| RECORDS FOR THIS TASK |
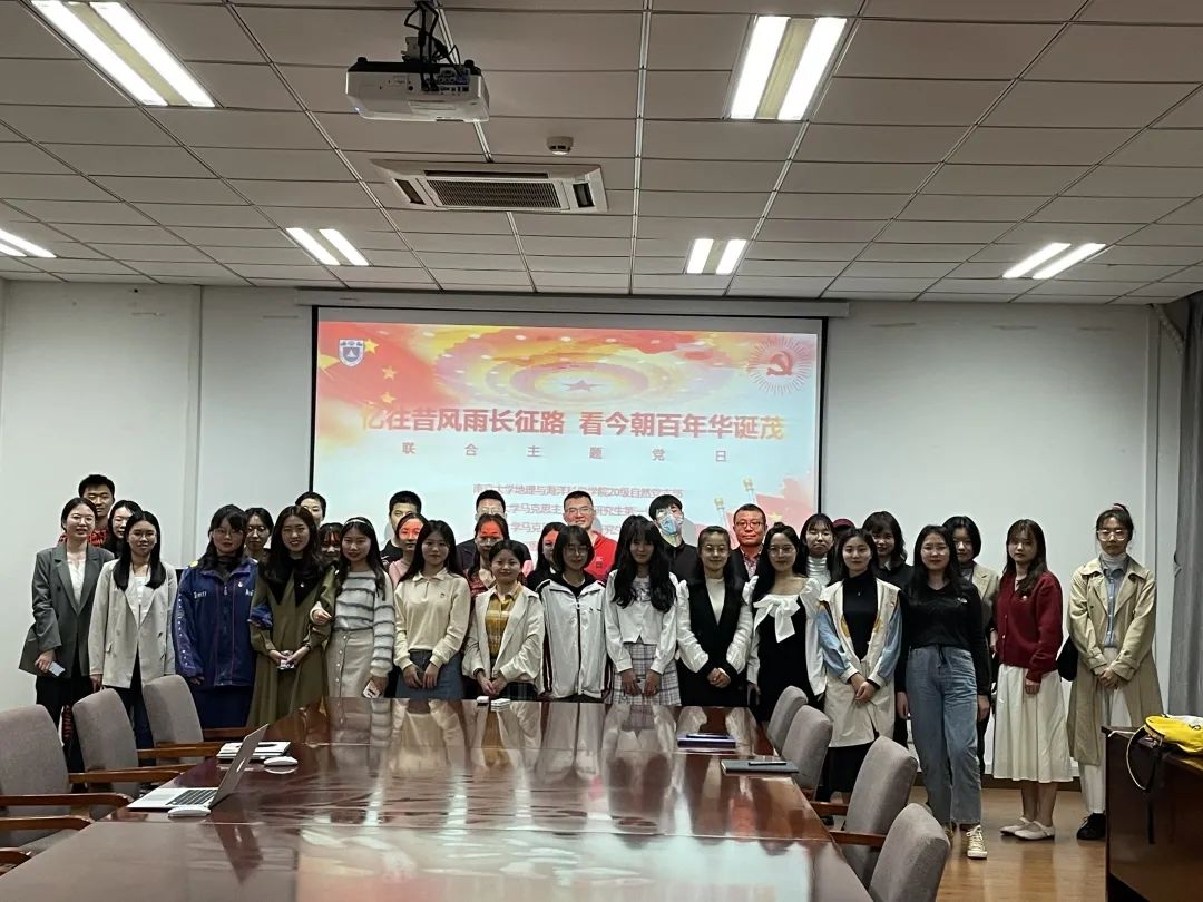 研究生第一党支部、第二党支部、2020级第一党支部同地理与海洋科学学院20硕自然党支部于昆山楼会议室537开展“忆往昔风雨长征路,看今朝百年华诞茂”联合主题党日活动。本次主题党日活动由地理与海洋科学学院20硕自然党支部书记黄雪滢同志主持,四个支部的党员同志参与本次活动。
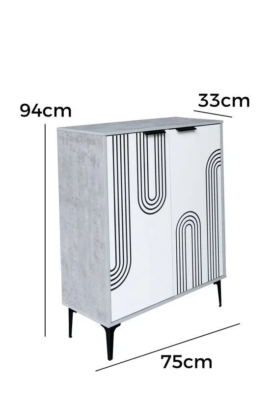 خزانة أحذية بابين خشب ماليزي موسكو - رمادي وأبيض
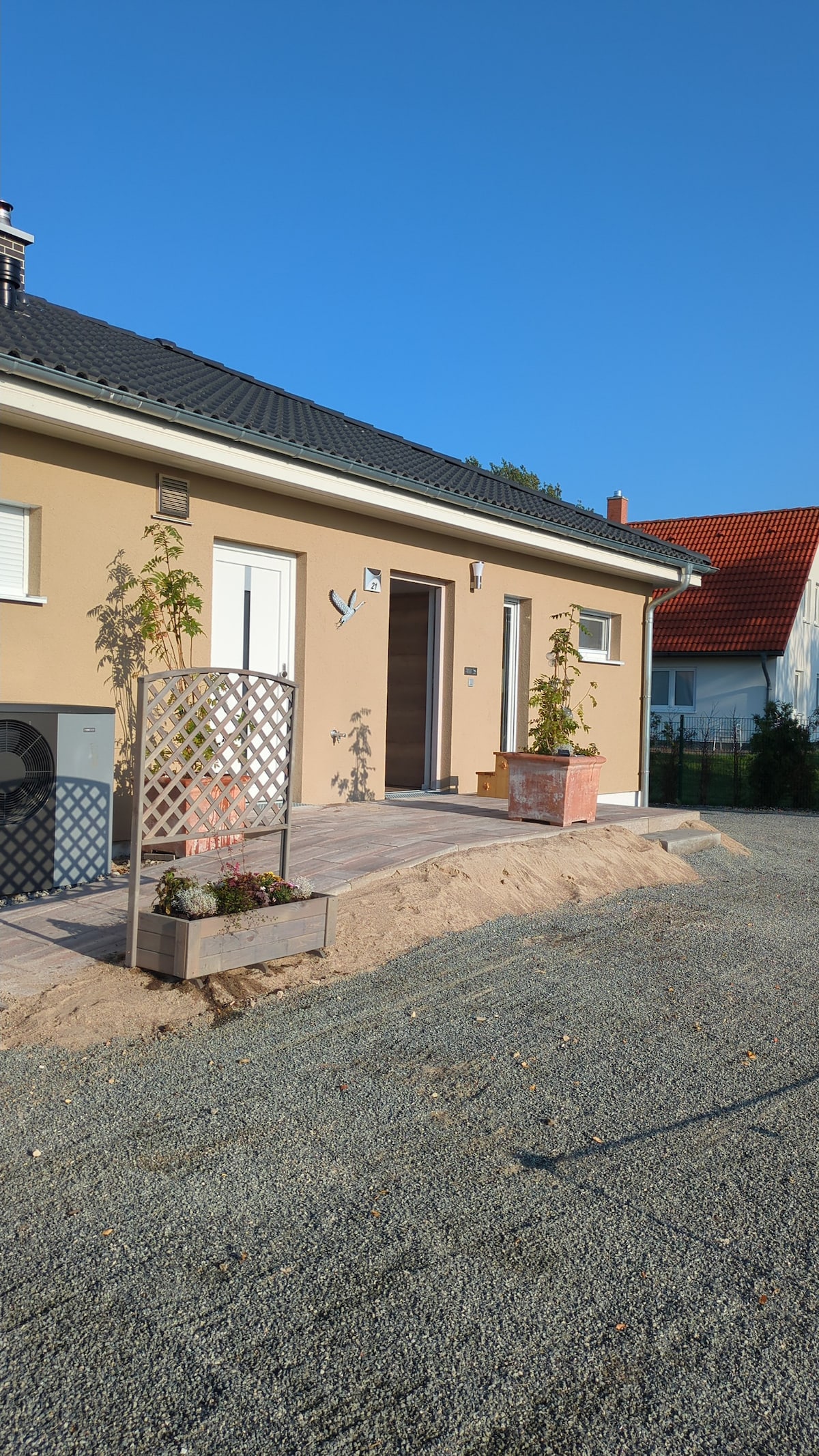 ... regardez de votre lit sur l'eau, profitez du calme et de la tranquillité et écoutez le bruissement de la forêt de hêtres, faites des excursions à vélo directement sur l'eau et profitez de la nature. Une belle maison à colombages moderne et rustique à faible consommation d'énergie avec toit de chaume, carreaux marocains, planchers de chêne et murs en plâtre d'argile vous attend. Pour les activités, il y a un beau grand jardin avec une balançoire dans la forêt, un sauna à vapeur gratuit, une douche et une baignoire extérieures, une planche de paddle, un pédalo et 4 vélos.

---

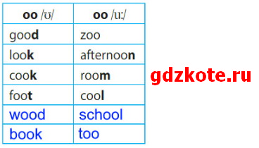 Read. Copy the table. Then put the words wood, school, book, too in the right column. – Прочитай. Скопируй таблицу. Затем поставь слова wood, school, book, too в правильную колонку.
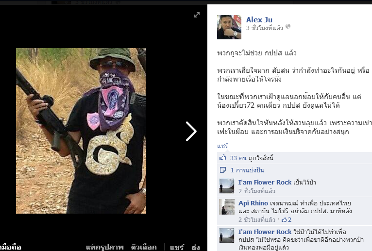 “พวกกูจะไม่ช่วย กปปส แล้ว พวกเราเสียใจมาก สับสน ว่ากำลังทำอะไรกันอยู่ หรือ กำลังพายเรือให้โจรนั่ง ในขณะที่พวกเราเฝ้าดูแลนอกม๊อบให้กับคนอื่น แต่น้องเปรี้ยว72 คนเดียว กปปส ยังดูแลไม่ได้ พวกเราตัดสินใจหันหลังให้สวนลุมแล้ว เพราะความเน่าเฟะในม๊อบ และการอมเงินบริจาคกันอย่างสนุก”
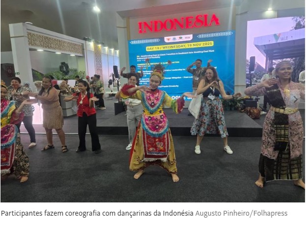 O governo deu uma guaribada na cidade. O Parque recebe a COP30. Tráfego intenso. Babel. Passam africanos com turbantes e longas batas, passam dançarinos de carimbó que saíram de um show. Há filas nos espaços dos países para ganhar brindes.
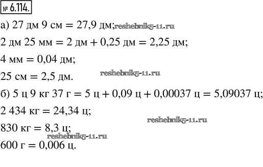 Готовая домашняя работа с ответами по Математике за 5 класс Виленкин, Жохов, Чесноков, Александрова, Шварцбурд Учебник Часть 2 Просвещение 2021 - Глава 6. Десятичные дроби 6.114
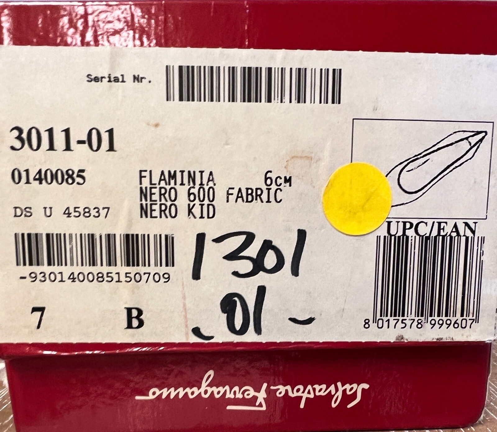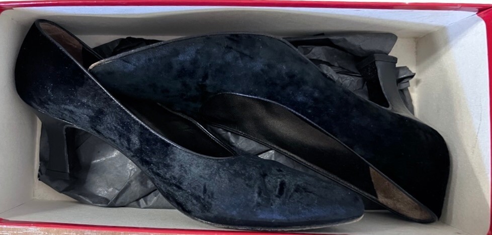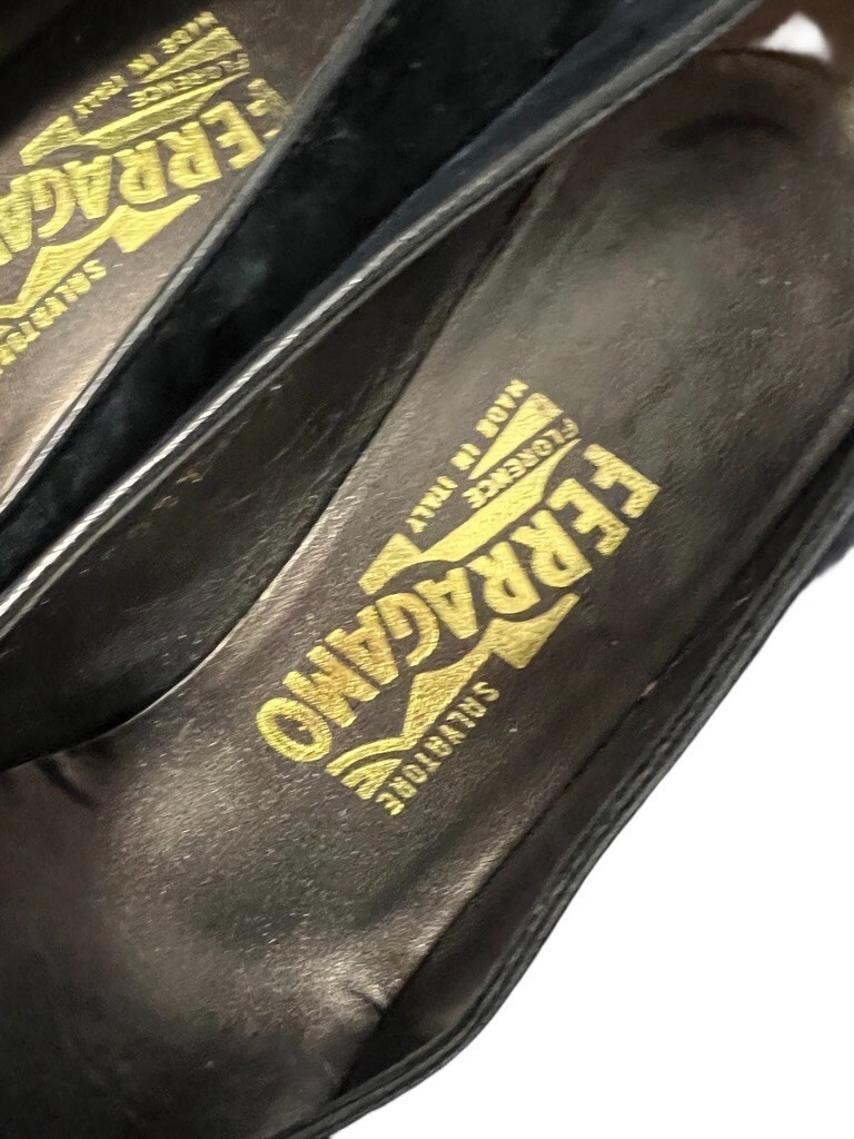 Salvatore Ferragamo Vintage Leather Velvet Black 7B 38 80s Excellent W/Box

| TASK OBJECTIVE |
Up in the listing, locate the line with "O governo deu"; print it and every line after it down to the line with "Salvatore Ferragamo Vintage", which is included too. Skip the pictures.

| SOLVED PROBLEM |
 O governo deu uma guaribada na cidade. O Parque recebe a COP30. Tráfego intenso. Babel. Passam africanos com turbantes e longas batas, passam dançarinos de carimbó que saíram de um show. Há filas nos espaços dos países para ganhar brindes.
 Готовая домашняя работа с ответами по Математике за 5 класс Виленкин, Жохов, Чесноков, Александрова, Шварцбурд Учебник Часть 2 Просвещение 2021 - Глава 6. Десятичные дроби 6.114
 Salvatore Ferragamo Vintage Leather Velvet Black 7B 38 80s Excellent W/Box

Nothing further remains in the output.